[Excerpted data]
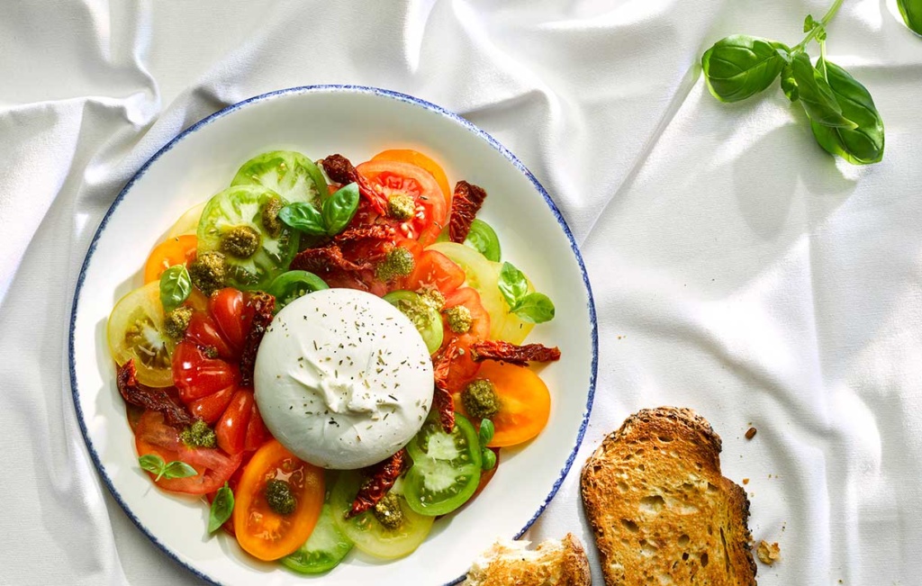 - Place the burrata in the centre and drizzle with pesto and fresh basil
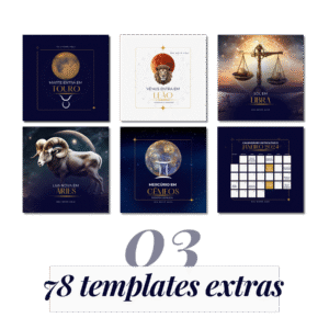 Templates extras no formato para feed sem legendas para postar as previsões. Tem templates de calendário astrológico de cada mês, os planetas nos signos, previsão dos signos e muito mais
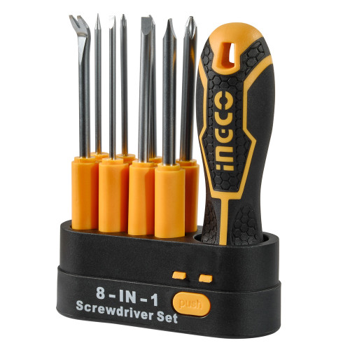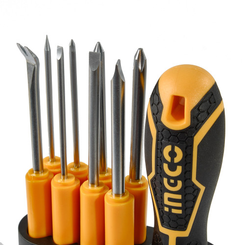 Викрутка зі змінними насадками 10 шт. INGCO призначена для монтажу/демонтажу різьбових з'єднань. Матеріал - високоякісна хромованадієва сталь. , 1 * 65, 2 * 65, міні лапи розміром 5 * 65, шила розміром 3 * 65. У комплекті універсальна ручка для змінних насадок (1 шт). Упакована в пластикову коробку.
[/Excerpted data]
[Excerpted data]
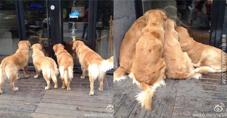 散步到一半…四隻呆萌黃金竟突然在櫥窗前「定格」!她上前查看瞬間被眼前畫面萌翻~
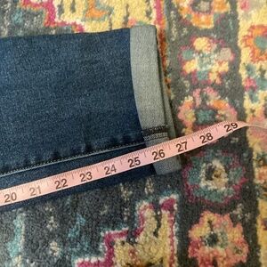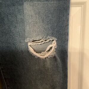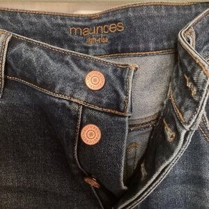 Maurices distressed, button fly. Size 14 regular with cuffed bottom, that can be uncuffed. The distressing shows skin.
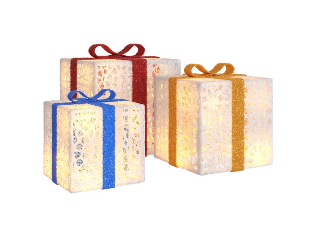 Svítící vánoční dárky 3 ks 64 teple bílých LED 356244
[/Excerpted data]
[Excerpted data]
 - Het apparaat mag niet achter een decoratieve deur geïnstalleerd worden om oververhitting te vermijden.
[/Excerpted data]
What the exercise asks: Your answer is the exact run of lines above from the one with "Templates extras no" through the one with "Викрутка зі змінними", both ends included, minus any picture.

Expected output:
 Templates extras no formato para feed sem legendas para postar as previsões. Tem templates de calendário astrológico de cada mês, os planetas nos signos, previsão dos signos e muito mais
 Викрутка зі змінними насадками 10 шт. INGCO призначена для монтажу/демонтажу різьбових з'єднань. Матеріал - високоякісна хромованадієва сталь. , 1 * 65, 2 * 65, міні лапи розміром 5 * 65, шила розміром 3 * 65. У комплекті універсальна ручка для змінних насадок (1 шт). Упакована в пластикову коробку.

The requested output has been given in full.